- **Material provided**:
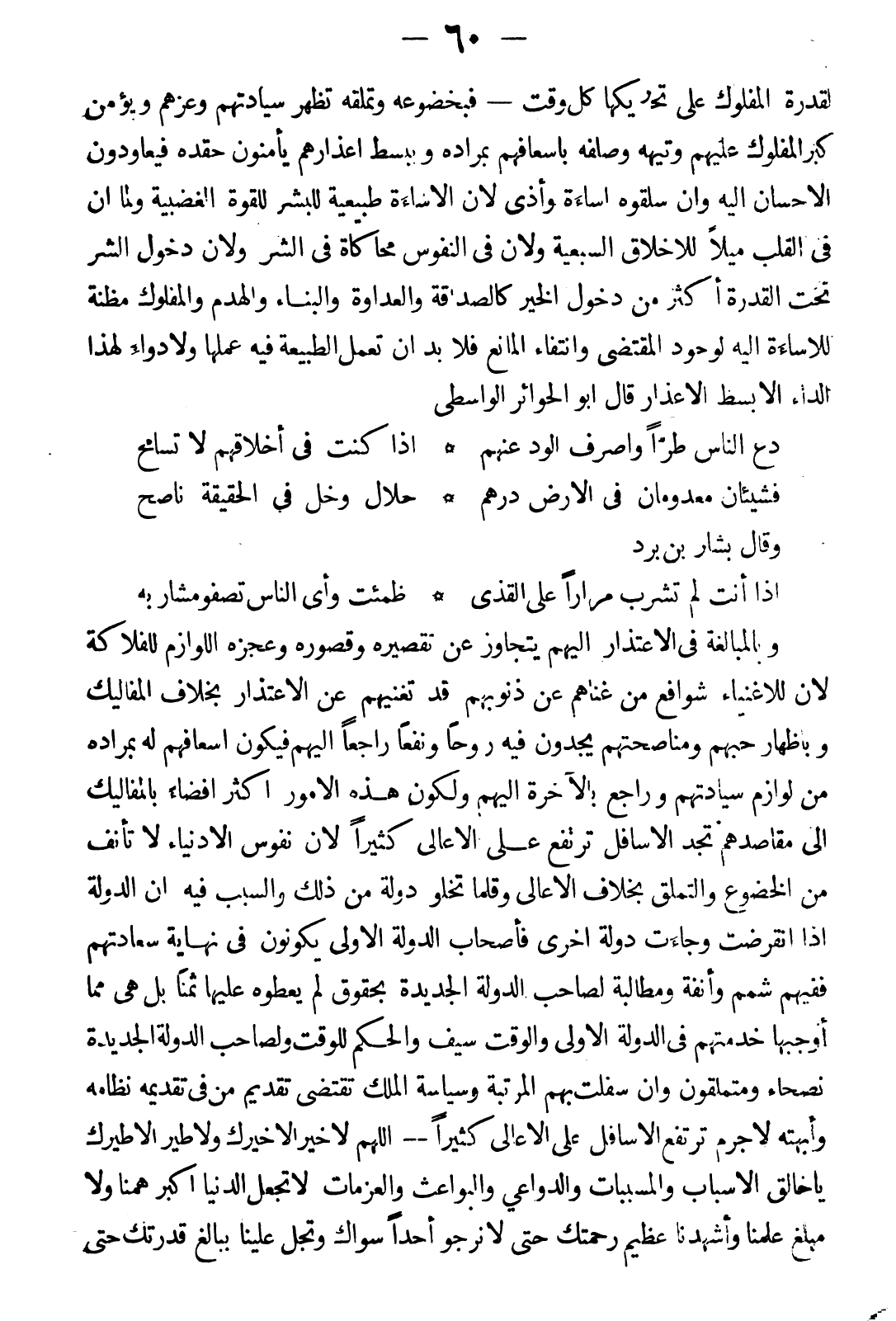 لقدرة على تحريكها كل وقت، فبخضوعه وتملقه تظهر سيادتهم وعزهم ويؤمن كبر المفلوك عليهم وتيهه وصلفه بإسعافهم بمراده، وببسط أعذارهم يأمنون حقده فيعاودون الإحسان إليه وإن سلقوه إساءة وأذى، لأن الإساءة طبيعية للبشر للقوة الغضبية، ولما أن في القلب ميلا للأخلاق السبعية، ولأن في النفوس محاكاة في الشر، ولأن دخول الشر تحت القدرة أكثر من دخول الخير كالصداقة والعداوة والبناء والهدم، والمفلوك مظنة للإساءة إليه لوجود المقتضى وانتفاء المانع، فلا بد أن تعمل الطبيعة فيه عملها، ولا دواء لهذا الداء إلا بسط الإعذار. قال أبو الحوائر الواسطي:
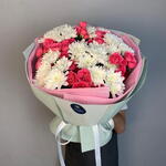 🌿✨ Букет «Нежное дыхание» ✨🌿 🤍 5 белоснежных кустовых хризантем — символ чистоты и искренности. 🌸 5 розовых кустовых роз добавляют тепла, нежности и романтики. 🎀 Белая репсовая лента и розовая тишью-подложка подчёркивают изящество композиции. 💚 Светло-зелёный фоамиран в оформлении делает букет свежим и лёгким, словно весеннее утро. Такой букет подойдёт для признаний, искренних поздравлений и тех моментов, когда слова излишни 🌷💫
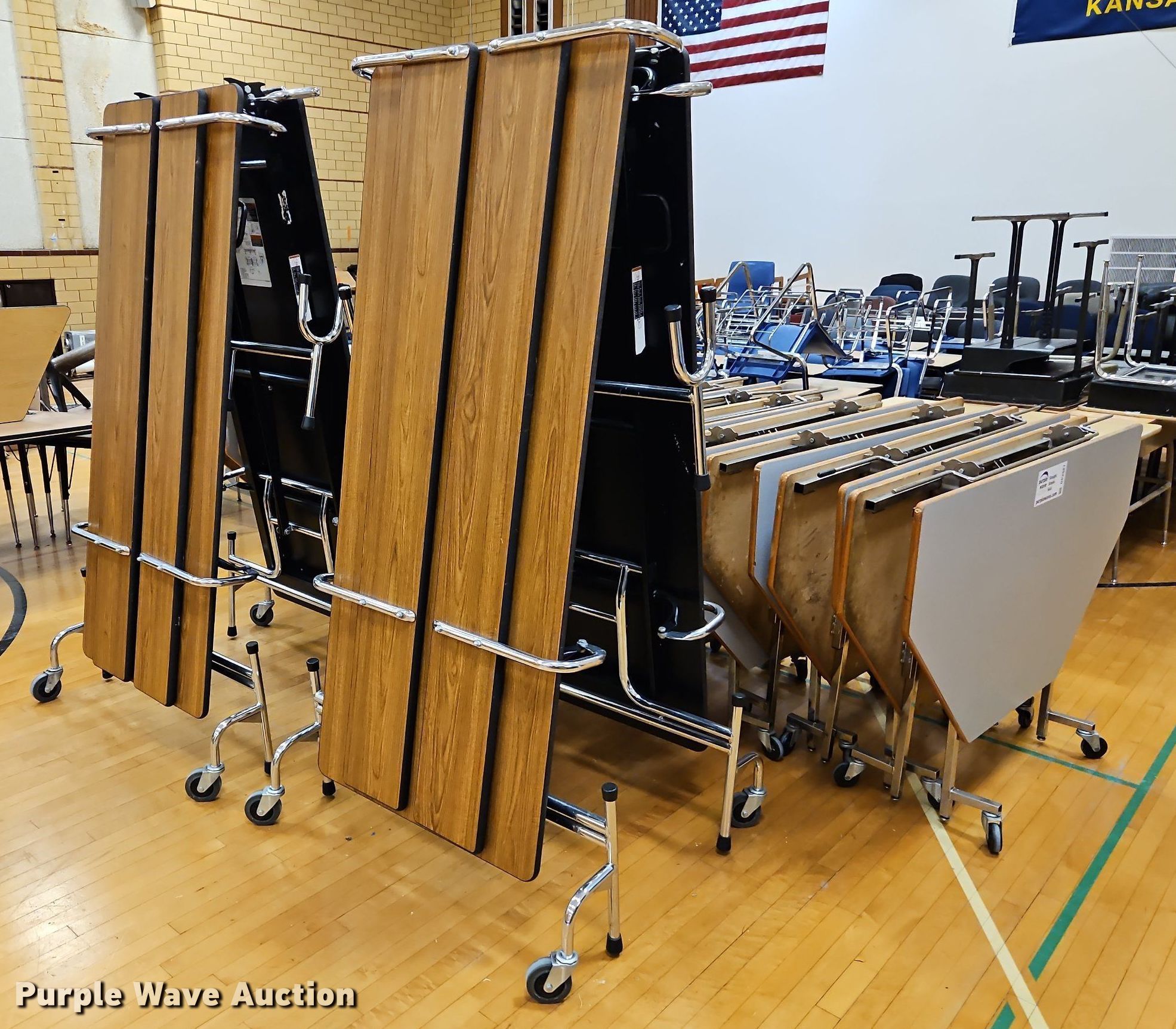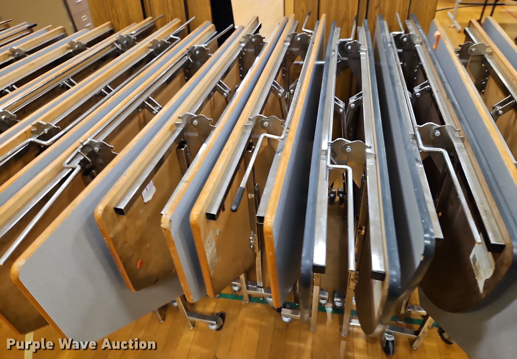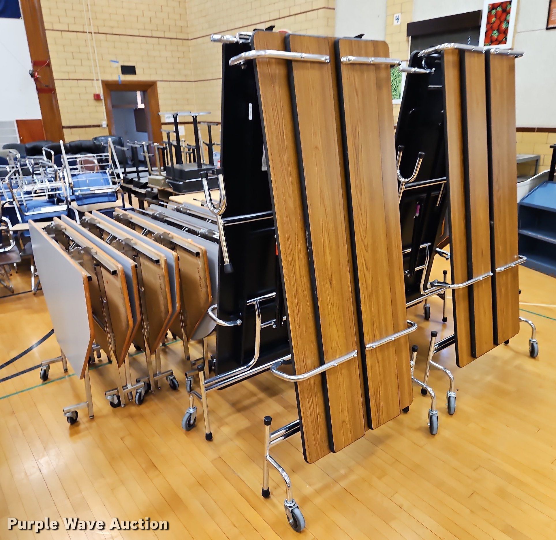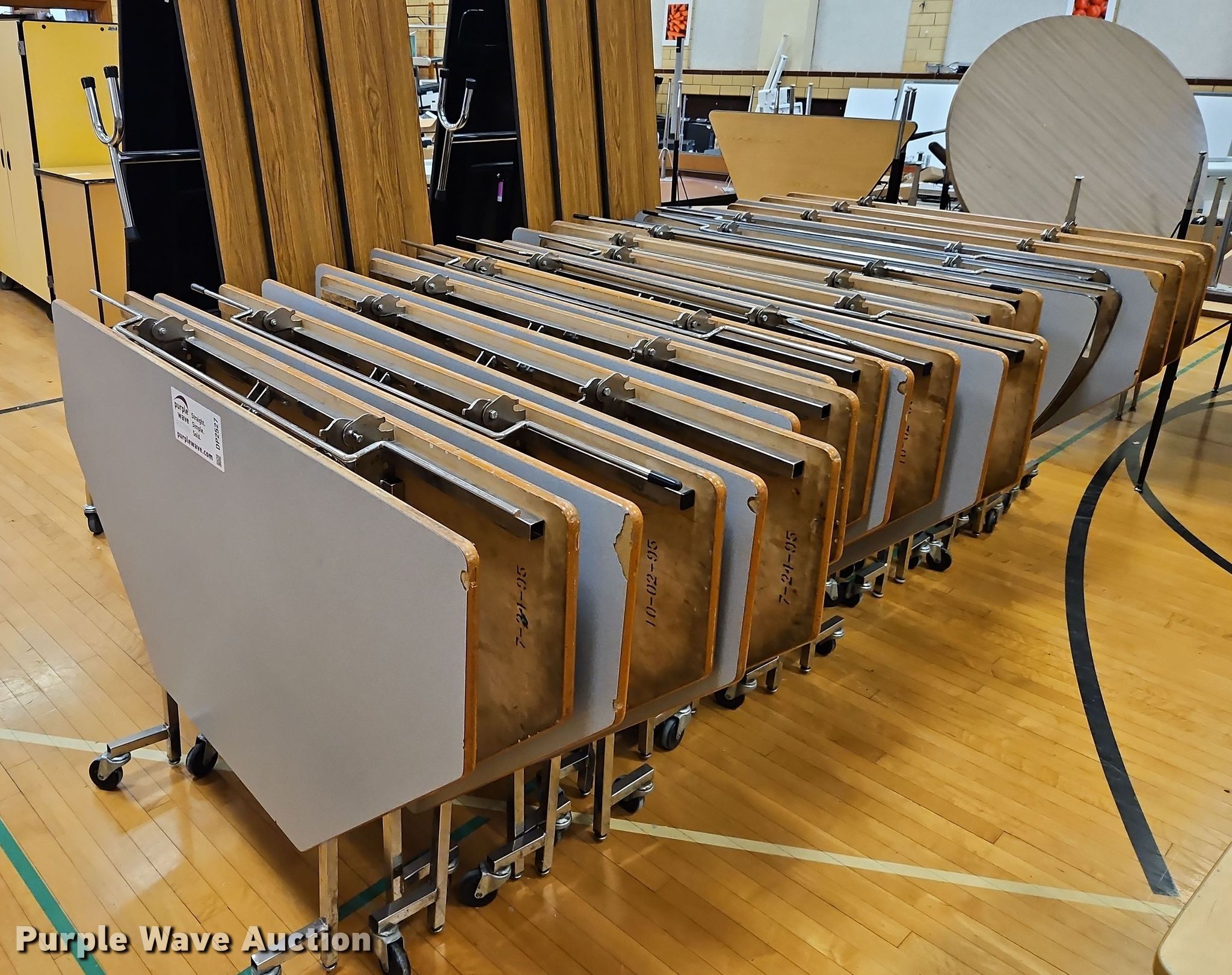Purple Wave is selling a used Furniture in Kansas. This item is a Tables with the following: (14) octagon folding tables, (2) rectangle folding tables with benches
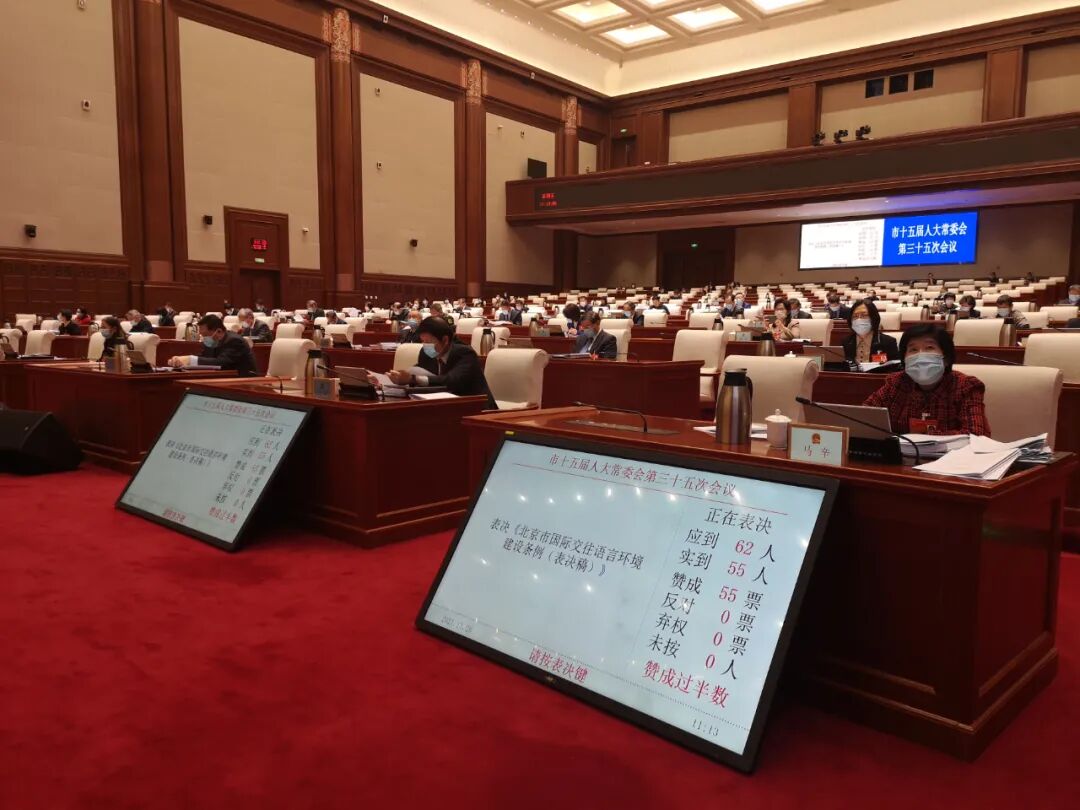 《北京市国际交往语言环境建设条例》已由北京市第十五届人民代表大会常务委员会第三十五次会议于2021年11月26日通过,现予公布,自2022年1月1日起施行。
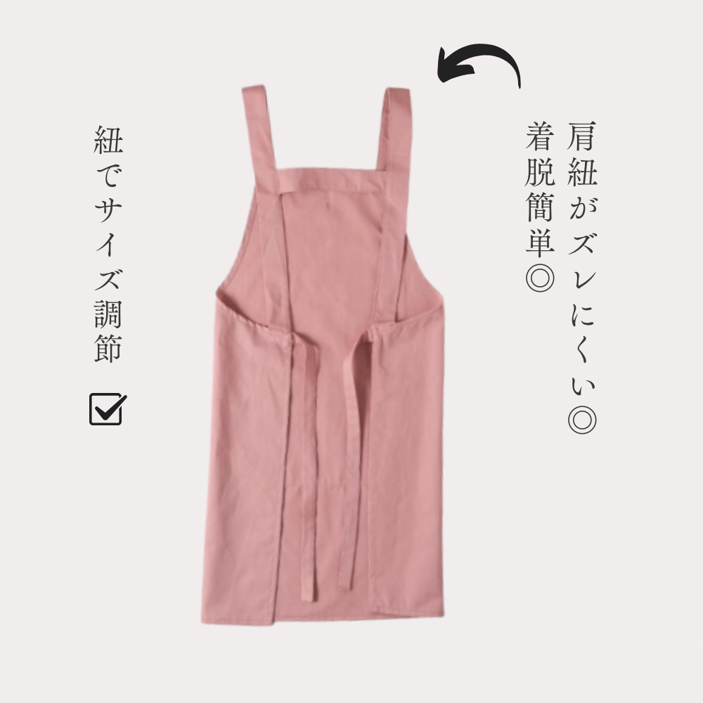 調節可能な肩ひもで着脱が簡単、体を動かす保育現場での作業性も考慮したデザインです。
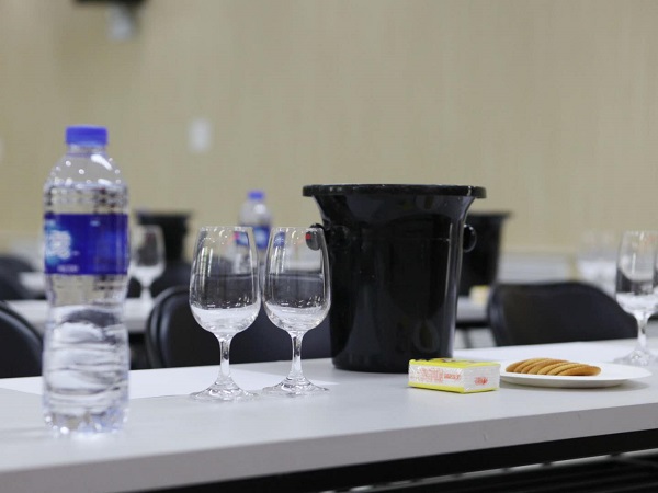 讲解环节结束后,活动进入备受期待的品酒环节。李德美老师首先为大家介绍了葡萄酒品鉴时端酒杯的正确姿势,现场吐酒桶、白纸、矿泉水和原味饼干的功用。大家边学习边模仿,跃跃欲试。
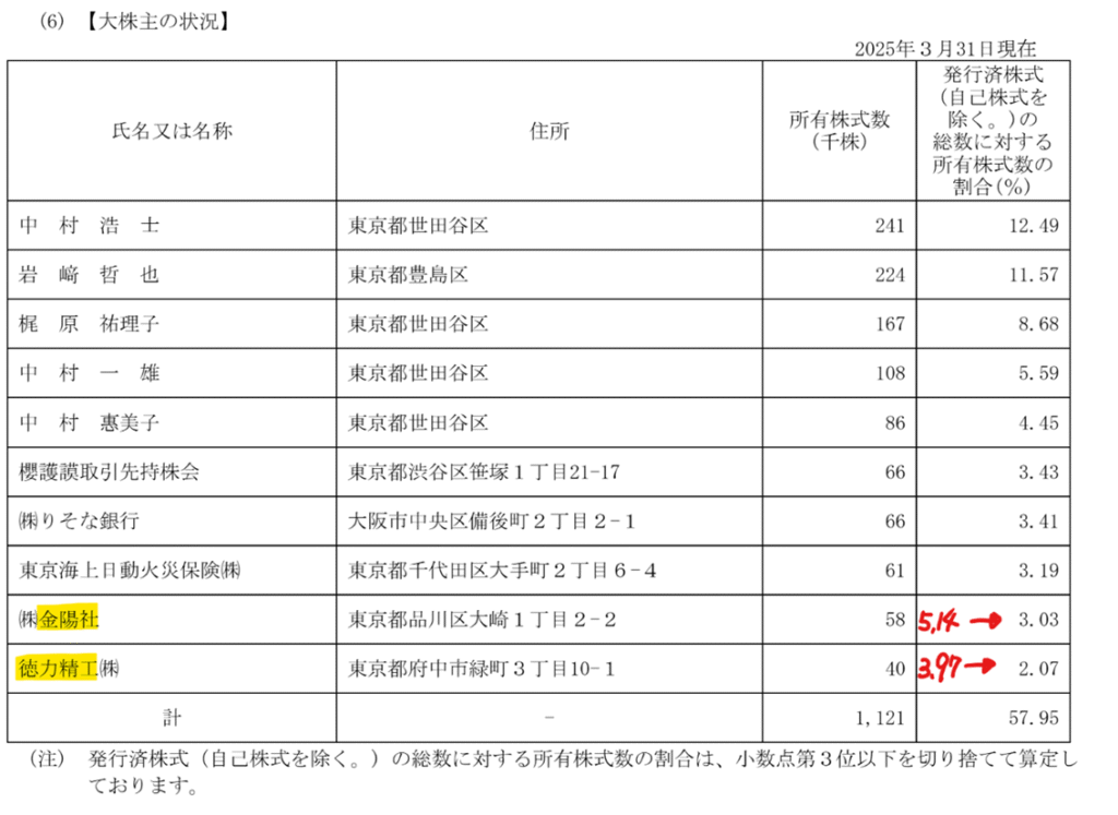 金陽社と徳力精工の2社の保有比率が変化していました。社長の中村以下ファミリーと予想される株主の増減はありませんでした。経営陣が株を手放したくないという強い意志を感じました。
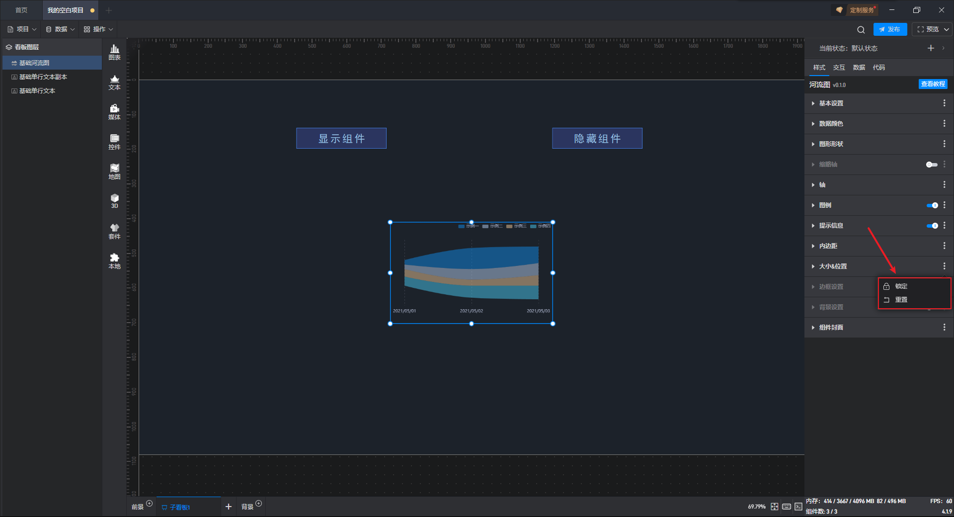首先我们给河流图组件设置一个隐藏状态(默认状态当做显示状态)。

- **Directions**: All lines from the one containing "Purple Wave is" to the last line of the records above, both included, need to be repeated word for word; omit the pictures.

- **Answer for this exercise**:
Purple Wave is selling a used Furniture in Kansas. This item is a Tables with the following: (14) octagon folding tables, (2) rectangle folding tables with benches
 《北京市国际交往语言环境建设条例》已由北京市第十五届人民代表大会常务委员会第三十五次会议于2021年11月26日通过,现予公布,自2022年1月1日起施行。
 調節可能な肩ひもで着脱が簡単、体を動かす保育現場での作業性も考慮したデザインです。
 讲解环节结束后,活动进入备受期待的品酒环节。李德美老师首先为大家介绍了葡萄酒品鉴时端酒杯的正确姿势,现场吐酒桶、白纸、矿泉水和原味饼干的功用。大家边学习边模仿,跃跃欲试。
 金陽社と徳力精工の2社の保有比率が変化していました。社長の中村以下ファミリーと予想される株主の増減はありませんでした。経営陣が株を手放したくないという強い意志を感じました。
首先我们给河流图组件设置一个隐藏状态(默认状态当做显示状态)。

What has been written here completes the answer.